Only the lines from the one holding "Proprio qui, in" to the end of the data should be echoed, exactly as they appear, minus the pictures.

> Recorded information
::::

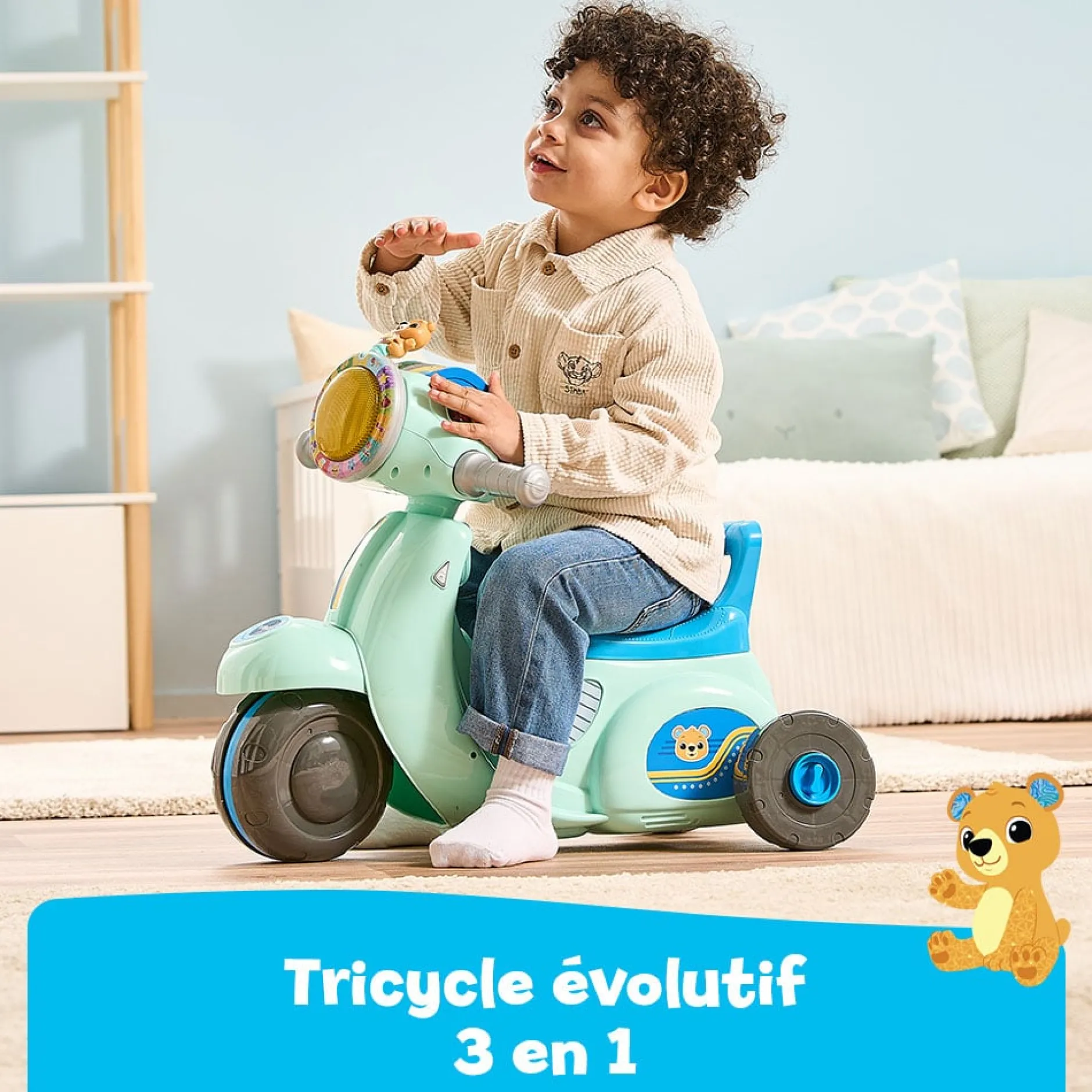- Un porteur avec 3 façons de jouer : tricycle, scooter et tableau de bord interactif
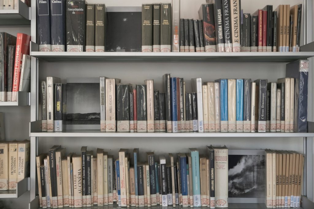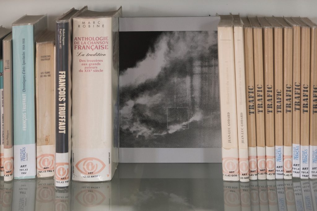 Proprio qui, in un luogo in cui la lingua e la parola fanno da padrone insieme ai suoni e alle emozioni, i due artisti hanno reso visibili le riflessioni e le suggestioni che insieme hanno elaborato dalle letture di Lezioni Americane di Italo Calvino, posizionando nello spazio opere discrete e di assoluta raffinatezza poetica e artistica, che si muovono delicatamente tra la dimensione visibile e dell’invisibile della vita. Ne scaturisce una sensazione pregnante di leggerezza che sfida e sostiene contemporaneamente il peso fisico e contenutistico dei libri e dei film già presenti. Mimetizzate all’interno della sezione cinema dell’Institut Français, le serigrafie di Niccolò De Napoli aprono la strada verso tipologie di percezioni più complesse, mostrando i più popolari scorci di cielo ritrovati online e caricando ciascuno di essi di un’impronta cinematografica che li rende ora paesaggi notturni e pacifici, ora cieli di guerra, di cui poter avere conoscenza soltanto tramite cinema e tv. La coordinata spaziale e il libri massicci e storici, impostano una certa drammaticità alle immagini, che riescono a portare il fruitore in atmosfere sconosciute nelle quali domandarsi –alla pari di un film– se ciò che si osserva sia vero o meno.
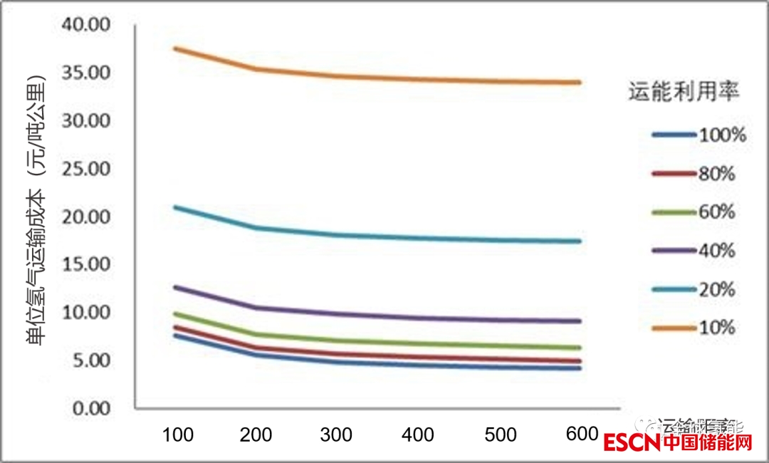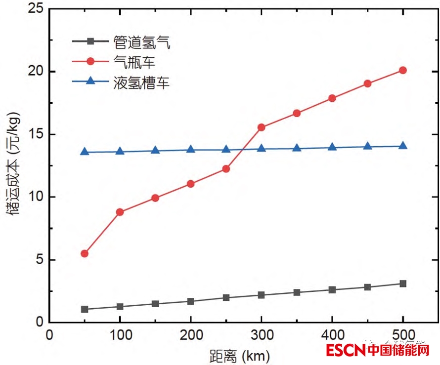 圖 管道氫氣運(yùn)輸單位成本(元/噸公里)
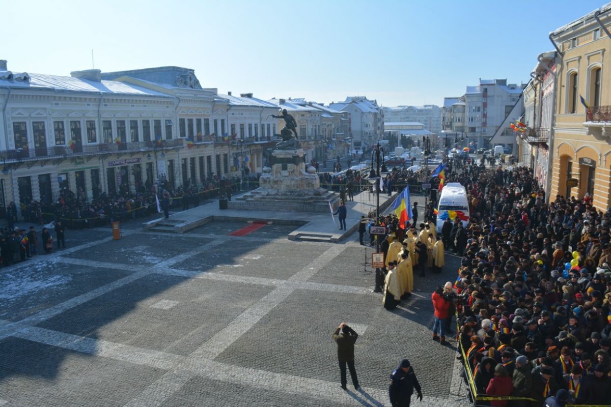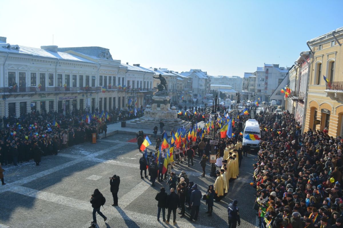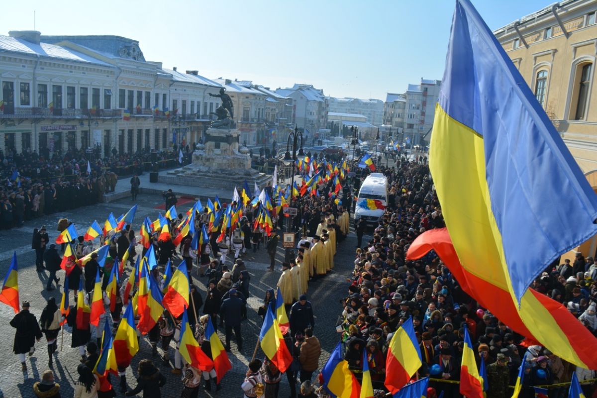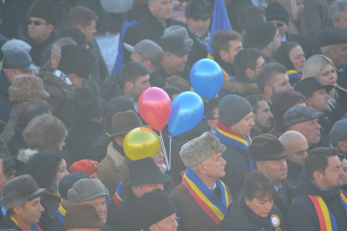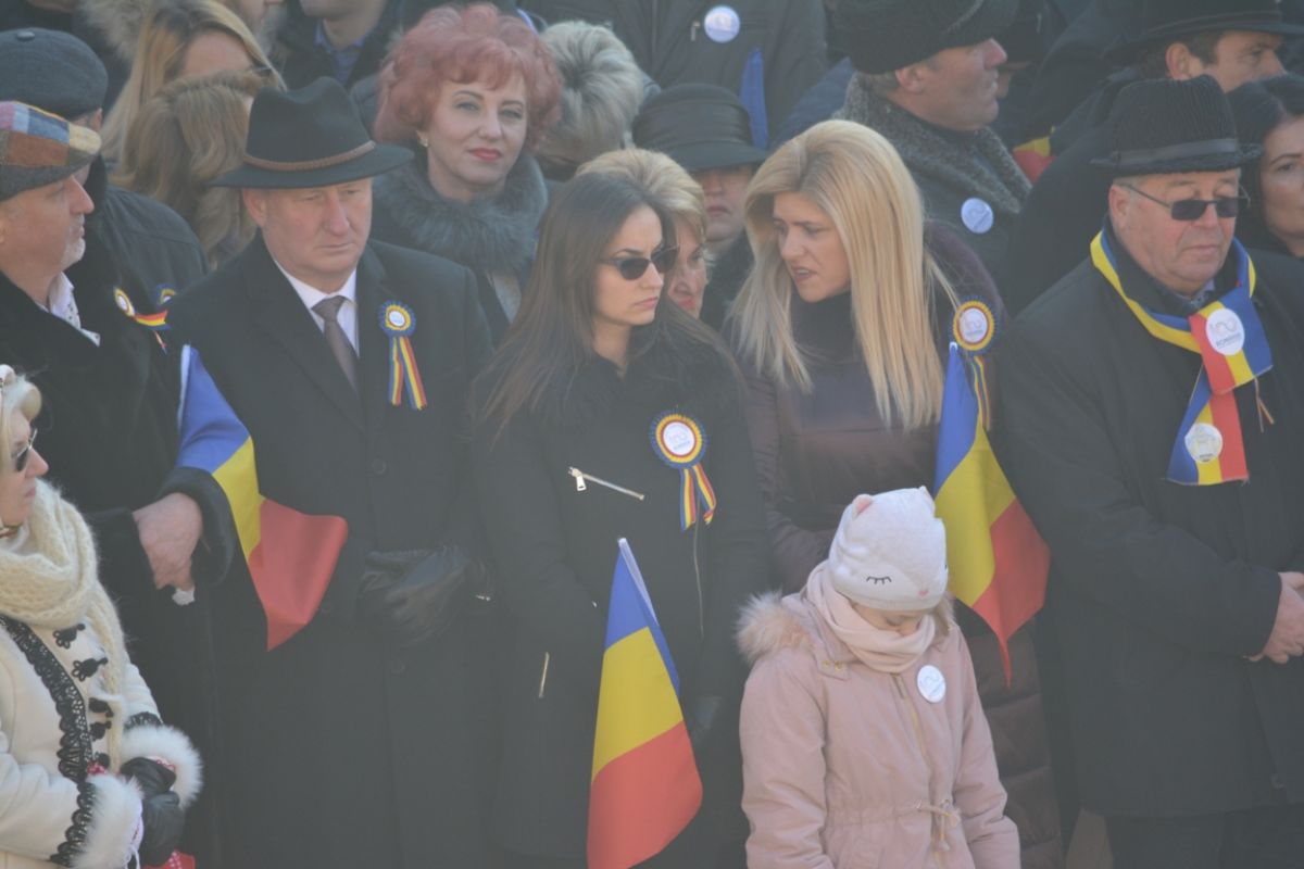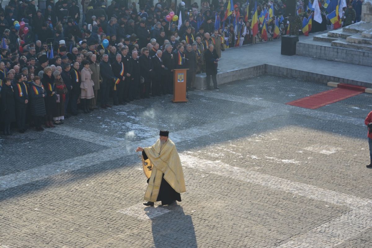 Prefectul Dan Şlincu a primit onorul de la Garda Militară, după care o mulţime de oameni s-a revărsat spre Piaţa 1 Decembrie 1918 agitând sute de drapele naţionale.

::::

> Output of the task
 Proprio qui, in un luogo in cui la lingua e la parola fanno da padrone insieme ai suoni e alle emozioni, i due artisti hanno reso visibili le riflessioni e le suggestioni che insieme hanno elaborato dalle letture di Lezioni Americane di Italo Calvino, posizionando nello spazio opere discrete e di assoluta raffinatezza poetica e artistica, che si muovono delicatamente tra la dimensione visibile e dell’invisibile della vita. Ne scaturisce una sensazione pregnante di leggerezza che sfida e sostiene contemporaneamente il peso fisico e contenutistico dei libri e dei film già presenti. Mimetizzate all’interno della sezione cinema dell’Institut Français, le serigrafie di Niccolò De Napoli aprono la strada verso tipologie di percezioni più complesse, mostrando i più popolari scorci di cielo ritrovati online e caricando ciascuno di essi di un’impronta cinematografica che li rende ora paesaggi notturni e pacifici, ora cieli di guerra, di cui poter avere conoscenza soltanto tramite cinema e tv. La coordinata spaziale e il libri massicci e storici, impostano una certa drammaticità alle immagini, che riescono a portare il fruitore in atmosfere sconosciute nelle quali domandarsi –alla pari di un film– se ciò che si osserva sia vero o meno.
 圖 管道氫氣運(yùn)輸單位成本(元/噸公里)
 Prefectul Dan Şlincu a primit onorul de la Garda Militară, după care o mulţime de oameni s-a revărsat spre Piaţa 1 Decembrie 1918 agitând sute de drapele naţionale.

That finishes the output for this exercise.